In rooms protected by gaseous fire suppression systems, room integrity testing is vital. A room integrity test checks the durability of the enclosure to retain an effective concentration of gas, which is critical to the safe operation of the system. It is normally carried out at commissioning, and annually thereafter.
Britannia Fire Technology provides room integrity testing to the required BS EN 15004-1 Standards. We have extensive experience of testing all types and sizes of enclosure, from server rooms in offices to large data halls in designated data centres.
In each case, we undertake the necessary calculations prior to the test, to deliver an immediate onsite result. In the event of failure, we locate and record air-leakage sites using localised smoke testing, if permitted. We provide a full and concise report usually within a few days of the test, incorporating all test data, air leakage diagnosis and certification.
We can also undertake the remedial sealing, often at the same time as the testing, in order to provide the most rapid solution.
High leakage rates allow gaseous extinguishing agents to rapidly escape from an enclosure and result in the desired concentration of extinguishant only remaining in the enclosure for a short period.
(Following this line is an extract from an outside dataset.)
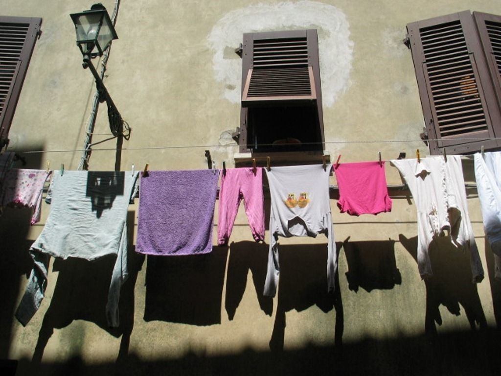 ook in Toscane wordt de was buiten gehangen - onwillekeurig moesten we even aan Berlusconi denken......
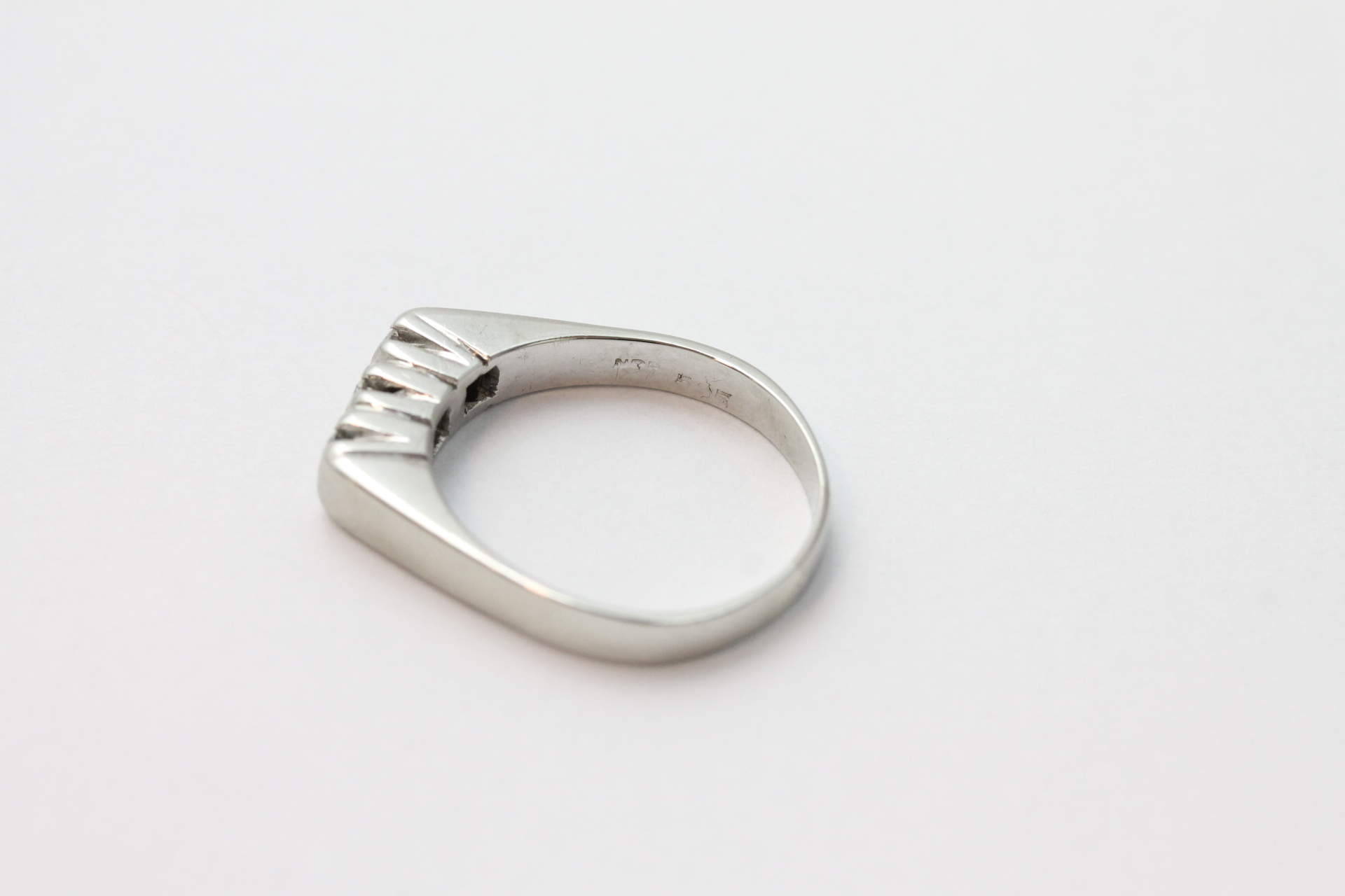 Ring i hvitt gull med diamant 14kt hvitt gull største breddemål 5,1 mm totalvekt 2,07 gram estimert diamantvekt 0.16ct estimert

Integrity testing, which employs technology and techniques originally developed for use in the energy conservation field, has been recognized as an alternative method for testing the leakiness of enclosures protected by gaseous extinguishants, which can then be sealed, and can also be used to measure the “total leakage area” of the enclosure. This is the sum of the areas of all the individual cracks and openings through which air (and hence gaseous agents) will pass into or out from an enclosure. Working under the auspices of the National Fire Protection Association (NFPA) in the United States, a number of researchers in the field have developed retention prediction formulae which use measurements from fan pressurization tests to predict agent retention times.
The door fan unit is fitted into an existing doorway by means of an adjustable frame, and is used to both pressurized and de-pressurized the protected room with a known quantity of air. The pressure difference simulates the pressure given by the agent / air interface within the protected room. A computer programme is then used to calculate an equivalent leakage area (ELA) that represents the total area of all of the leakage sites within the protected area.
Subsequent modifications to the enclosure and its contents, such as installing additional cables, will tend to increase the leakage of a protected enclosure. Hence it is essential to ensure that the remedial sealing works are undertaken.
It is recommended that repeat integrity testing be carried out one year after the enclosure has passed to ensure that a satisfactory level of enclosure integrity is maintained in the enclosure, as recommended in BS EN 15004-1 and the BFPSA Code of Practice for Gaseous Fire Fighting Systems.